PostHog LLM Analytics

PostHog analytics is disabled by default. To enable it, set both:

POSTHOG_ENABLED=true
POSTHOG_API_KEY=phc_...

Optional settings:

  • POSTHOG_HOST (default: https://us.i.posthog.com)
  • POSTHOG_DISTINCT_ID (runtime user identity takes precedence in /ws/chat)
  • POSTHOG_FLUSH_INTERVAL / POSTHOG_FLUSH_AT
  • POSTHOG_ENABLE_DSPY_OPTIMIZATION (default: false)
  • POSTHOG_INPUT_TRUNCATION / POSTHOG_OUTPUT_TRUNCATION
  • POSTHOG_REDACT_SENSITIVE (default: true)

Programmatic setup:

from fleet_rlm import configure_analytics

configure_analytics()  # reads POSTHOG_* environment variables

Each DSPy LM call emits $ai_generation with:

  • $ai_trace_id, $ai_parent_trace_id
  • $ai_model, $ai_provider, $ai_latency
  • $ai_input, $ai_output_choices (sanitized + truncated)
  • $ai_input_tokens, $ai_output_tokens, $ai_total_tokens

Quick Start

1. Install

uv pip install fleet-rlm

Optional extras for server and MCP support:

uv pip install fleet-rlm[server]   # FastAPI server + WebSocket
uv pip install fleet-rlm[mcp]      # MCP server
uv pip install fleet-rlm[full]     # All extras

2. Configure

Set up your Modal and LLM credentials:

modal setup
modal volume create rlm-volume-dspy
modal secret create LITELLM DSPY_LM_MODEL=openai/gemini-3-pro-preview DSPY_LLM_API_KEY=sk-...

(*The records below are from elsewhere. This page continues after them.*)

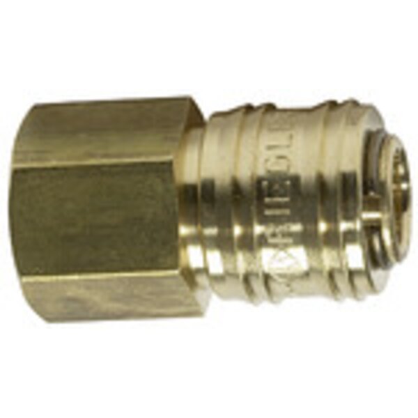 Schnellverschlusskupplung NW 7,2 »connect line«, MS blank, G 1/4 IG, Betriebsdr. 0 - 35 bar, Mediums-/Umgeb.temp. -20°C bis 100°C. Die universelle Einhand-Schnellverschlusskupplung in einseitig absperrender Ausführung zu einem enorm günstigen Preis. Durch die geschlossene Verriegelungshülse wird ein Verschmutzen der Innenteile verhindert. Bei Verwendung von Stahlnippeln kann diese Kupplung aufgrund ihrer gehärteten Verriegelungsstifte auch an Druckluftwerkzeugen verwendet werden. Kupplungen und Nippel mit dichtender Gewindebeschichtung: Montagefertige Polyacrylat-Gewindebeschichtung für sofortige und hohe Dichtheit ohne Aushärtungsprozess. Das dauerelastische Dichtmaterial kann bis zu 45° nachjustiert werden, ohne die Dichtheit zu beeinflussen. Gesundheitlich unbedenklich. Leichte Montage und Demontage. Um Verletzungen oder den "Peitschenhiebeffekt" zu vermeiden, empfehlen wir den Stecknippel beim Entkuppeln mit einer Hand festzuhalten. Diese Schnellverschlusskupplung eignet sich nicht für die direkte Montage an pulsierendem Werkzeug. Wir empfehlen die Verwendung unserer Vibrationsdämpfer, gemäß ISO 6150, § 7.1. Einsatzgebiete: Pneumatik, Maschinen- und Anlagenbau, Mess-, Regel- und Steuerungstechnik, Fertigungsindustrie, Medizintechnik, Chemie-/ Pharmaindustrie, Werkstätten, Automotive.
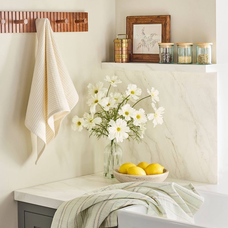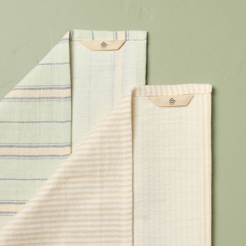 Give your kitchen a fresh update with this Set of 2 Striped Kitchen Towels from Hearth & Hand™ with Magnolia. This set of two kitchen towels includes one with a closely spaced stripe pattern and one w…
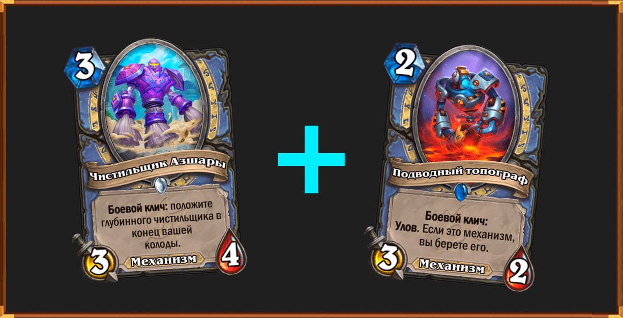 Комбинация сработает, если сыграть карты именно в таком порядке, что получается не всегда. Если ваш единственный второй ход — Подводный топограф, играйте его до Чистильщика Азшары и доставайте со дна колоды другой механизм. Жертвовать темпом ради этой комбинации не нужно.
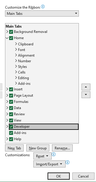 - On the right side, under Main Tabs, locate and select the Developer box and click OK to save your changes.
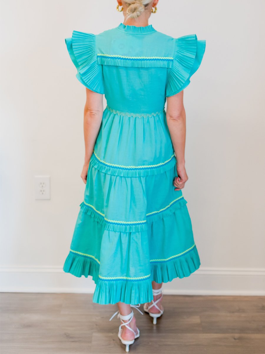 A classic summer staple, this midi, short-sleeved, ruffled blue dress is perfect for any day event. The button down feature and adjustable waist allow you to play with the structure of the dress, so that it's perfect for you!
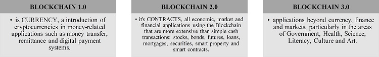 This categorization (Figure 1) identifies a strong possibility of the use of this technology in order to involve various fields of knowledge besides financial. Therefore, in view of this concept, characteristic and potential applications it is understandable why many consider it as the business internet. In addition, more directly, the decentralization stands out, according to Wright and De Filippi (2015), it can affect the way Governments, organizations, and society at large operate.
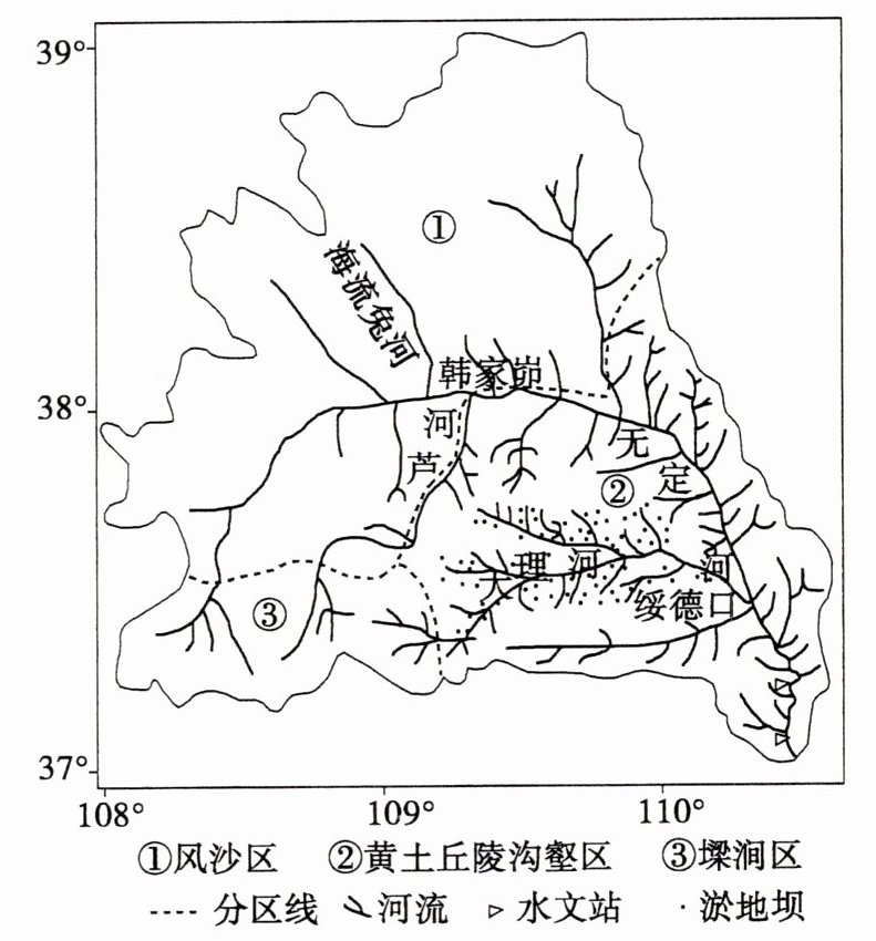 (3)读图可知,大理河流经黄土丘陵沟壑区,地势起伏较大,夏季多暴雨,水土流失严重,因此,大理河流域修建了大量的淤地坝,由于20世纪50年代起,无定河流域就已经开始建设淤地坝工程,设计寿命为10 ~20年,到20世纪90年代,大理河流域的淤地坝淤满,导致拦蓄径流的作用减弱,河流水量增多;加上流域内农业种植结构的调整,种植耐旱等需水量少的作物,农业灌溉引水量减少,导致河流径流量有所回升。
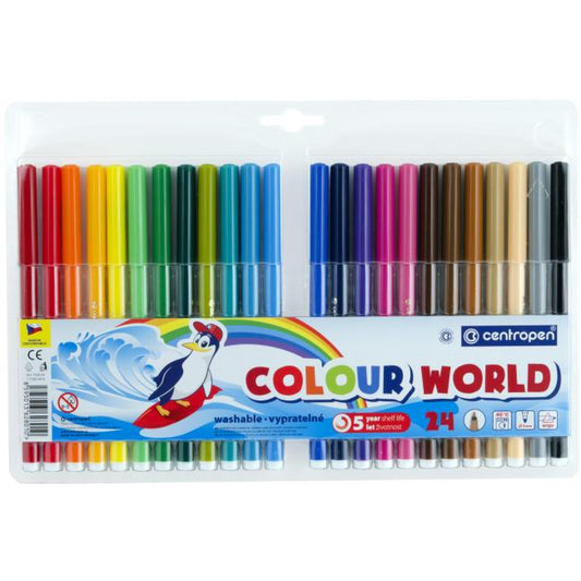 Farebné popisovače, ERGO držanie, zdraviu neškodlivý atrament, odolávajú vyschnutiu až 5 rokov, vyprateľné, ventilačný vrchnák...

Set up NeonDB + backend auth bootstrap:

# from repo root
cp .env.example .env
# Edit .env and set:
#   DATABASE_URL=postgresql://... (direct Neon endpoint)
#   AUTH_MODE=dev
#   AUTH_REQUIRED=false   # dev default; auth optional until Entra is wired
#   DEV_JWT_SECRET=...

Initialize DB schema:

# from repo root
uv run python scripts/db_init.py

3. Run

Web UI (React SPA):

0.4.6 treats the React SPA as the primary interface. The backend serves the built frontend automatically.

# 1. Build the frontend (requires Bun)
cd src/frontend
bun install
bun run build
cd ../..

# 2. Build the Python package (bundles the UI into the wheel)
uv build

# 3. Install with server dependencies and run the Web UI server
uv pip install -e ".[server]"
uv run fleet web

Then navigate to http://localhost:8000 in your browser.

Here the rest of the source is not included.